(DATA EXCERPT Opens)

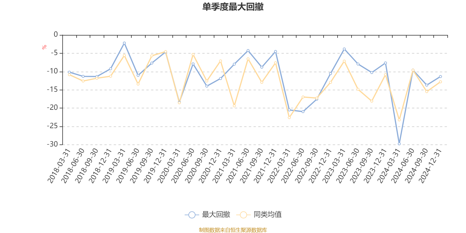 截至1月22日,基金近三年最大回撤为33.73%,同类可比基金排名127/132。单季度最大回撤出现在2024年一季度,为29.79%。
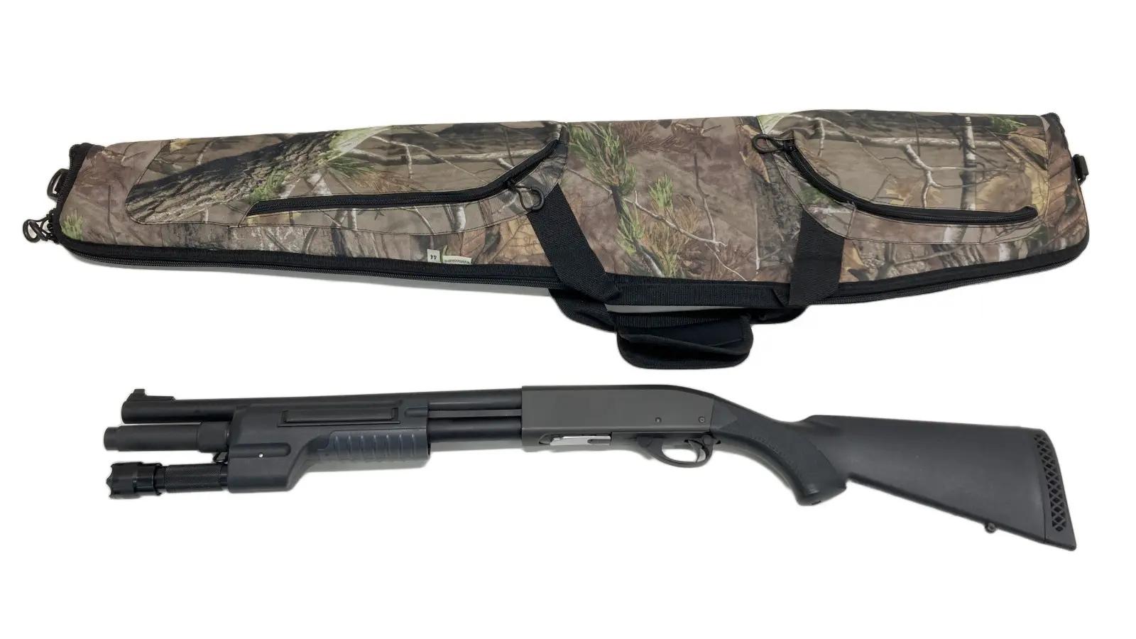 ライト付フォアエンドとエクステンションバレルでカスタム済で、ソフトガンケースも付属。
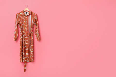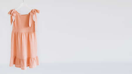 Salmon dress with folds. Cocktail dress on white shelf. Woman's elegant summer garment. Warm-colored piece of clothing.

(DATA EXCERPT Closes)

### [TASK INSTRUCTIONS]
Here the job is to print the data above exactly, except for any pictures.

### [PROBLEM SOLUTION]
 截至1月22日,基金近三年最大回撤为33.73%,同类可比基金排名127/132。单季度最大回撤出现在2024年一季度,为29.79%。
 ライト付フォアエンドとエクステンションバレルでカスタム済で、ソフトガンケースも付属。
 Salmon dress with folds. Cocktail dress on white shelf. Woman's elegant summer garment. Warm-colored piece of clothing.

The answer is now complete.